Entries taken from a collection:
=== Section Start ===
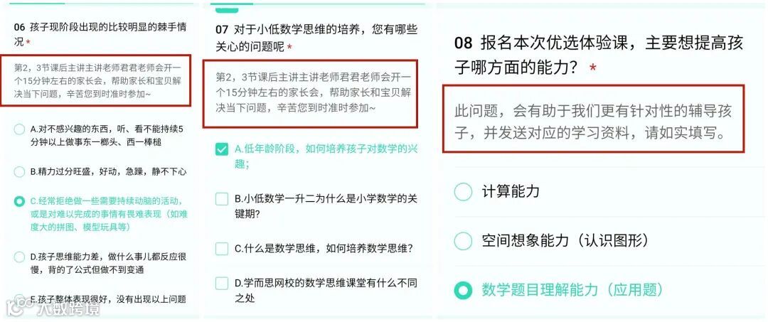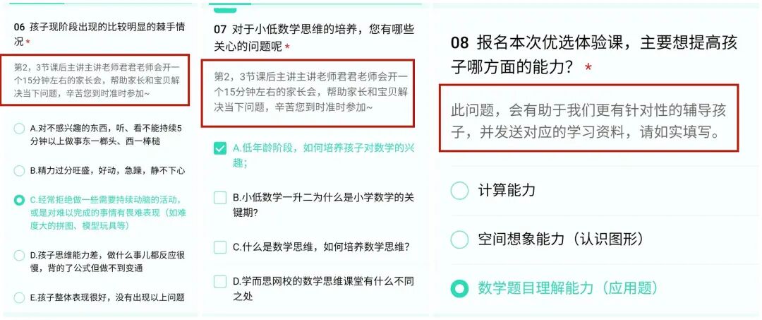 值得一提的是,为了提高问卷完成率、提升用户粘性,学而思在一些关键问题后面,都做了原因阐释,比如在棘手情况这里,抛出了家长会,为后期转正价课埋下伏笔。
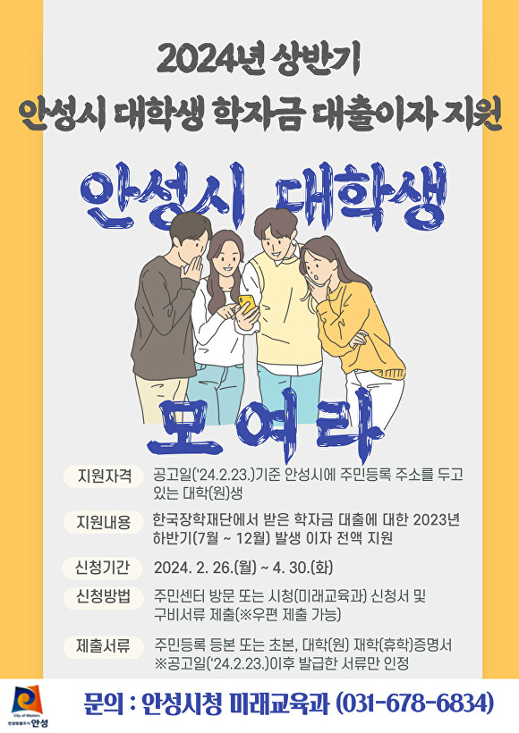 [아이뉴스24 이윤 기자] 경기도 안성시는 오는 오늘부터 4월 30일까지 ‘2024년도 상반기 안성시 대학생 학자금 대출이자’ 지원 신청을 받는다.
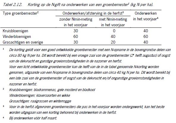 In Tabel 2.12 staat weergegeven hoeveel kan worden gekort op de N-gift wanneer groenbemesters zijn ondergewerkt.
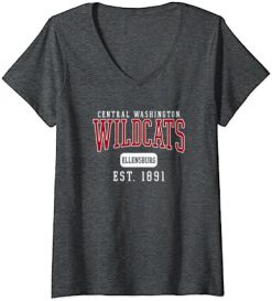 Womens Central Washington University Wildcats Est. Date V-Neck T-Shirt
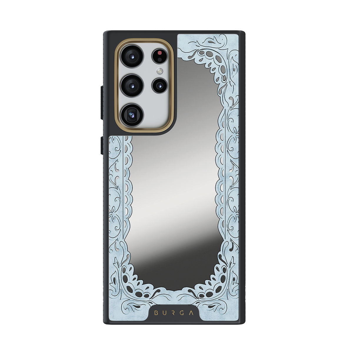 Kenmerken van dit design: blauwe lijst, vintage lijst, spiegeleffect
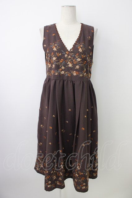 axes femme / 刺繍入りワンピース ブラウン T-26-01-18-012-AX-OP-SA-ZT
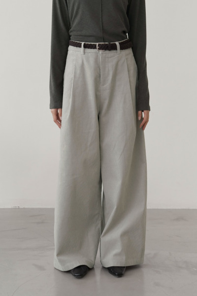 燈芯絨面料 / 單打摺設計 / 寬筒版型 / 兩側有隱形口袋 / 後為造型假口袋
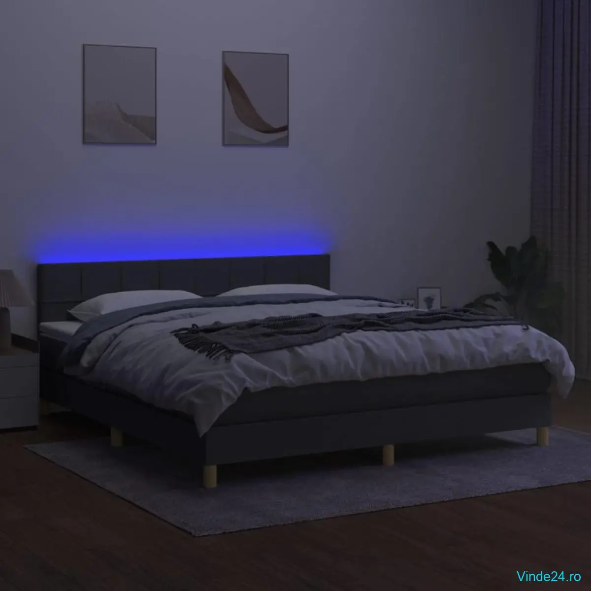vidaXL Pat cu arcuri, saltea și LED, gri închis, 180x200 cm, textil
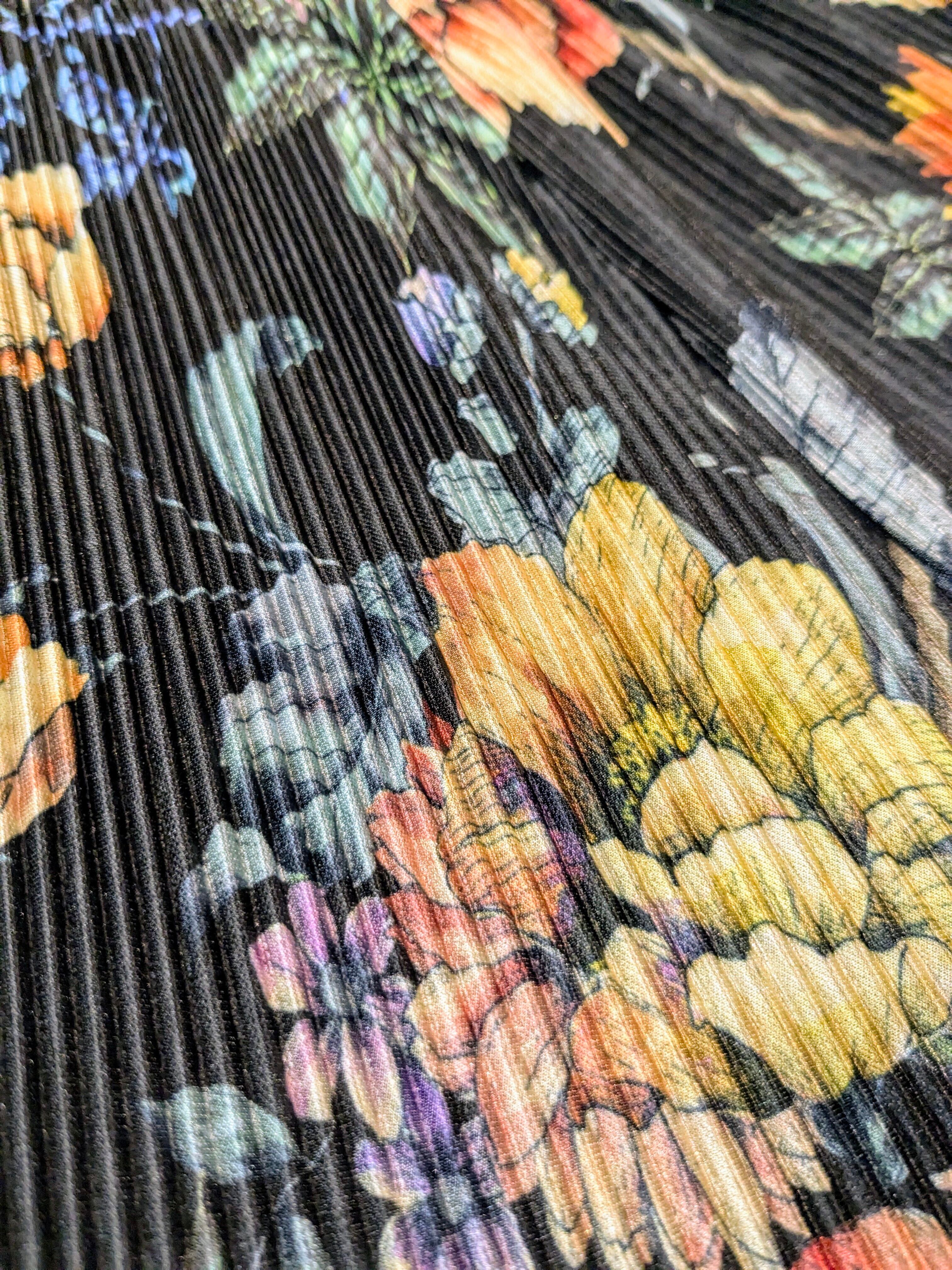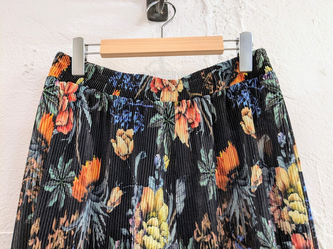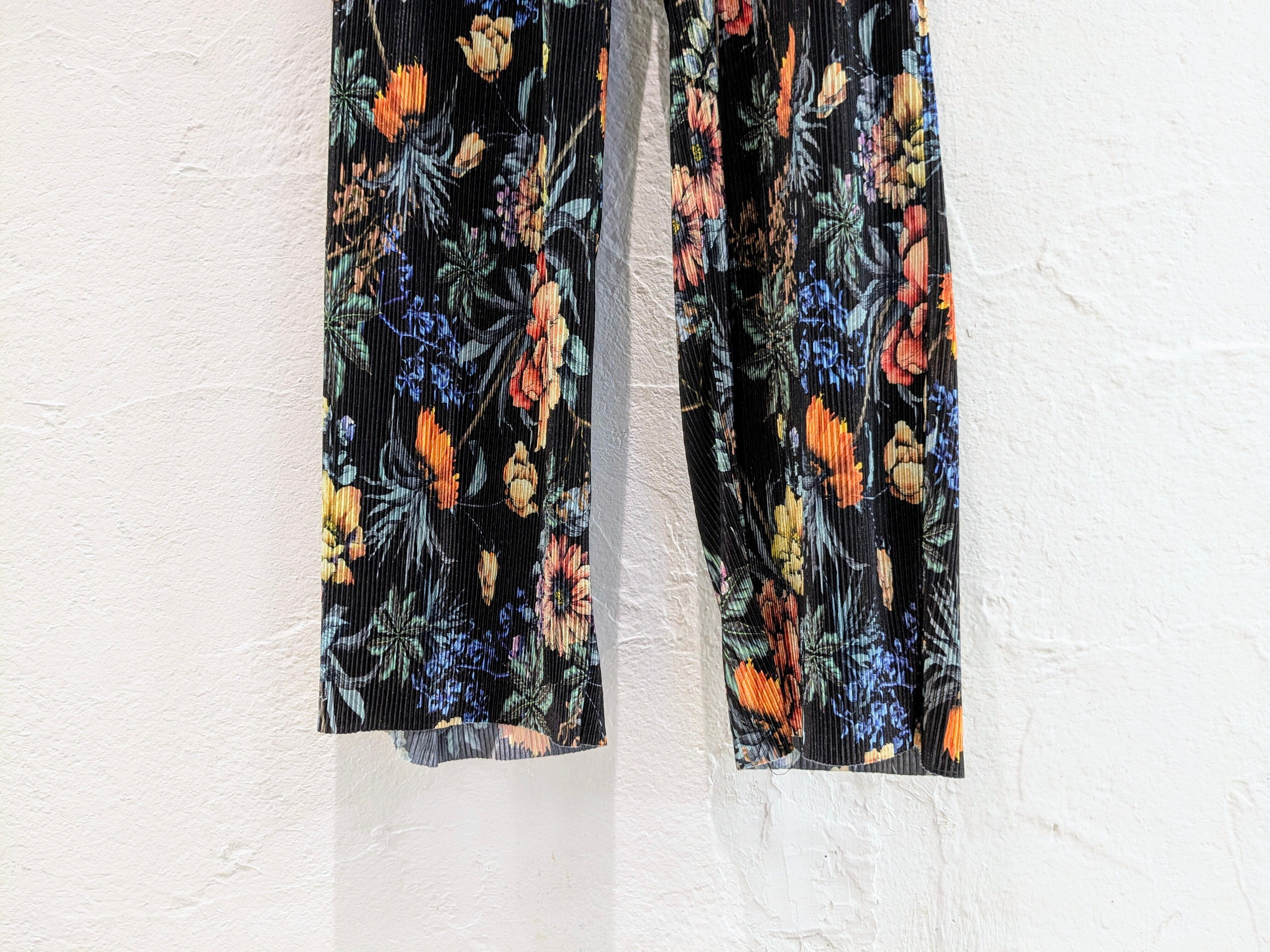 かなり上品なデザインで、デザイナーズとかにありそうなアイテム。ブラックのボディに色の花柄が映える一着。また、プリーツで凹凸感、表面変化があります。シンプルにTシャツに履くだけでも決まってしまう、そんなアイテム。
=== Section End ===
The line containing "In Tabel 2.12" marks where the copy ends; print every line before it from the start of the records, and that line too, but no pictures.

 值得一提的是,为了提高问卷完成率、提升用户粘性,学而思在一些关键问题后面,都做了原因阐释,比如在棘手情况这里,抛出了家长会,为后期转正价课埋下伏笔。
 [아이뉴스24 이윤 기자] 경기도 안성시는 오는 오늘부터 4월 30일까지 ‘2024년도 상반기 안성시 대학생 학자금 대출이자’ 지원 신청을 받는다.
 In Tabel 2.12 staat weergegeven hoeveel kan worden gekort op de N-gift wanneer groenbemesters zijn ondergewerkt.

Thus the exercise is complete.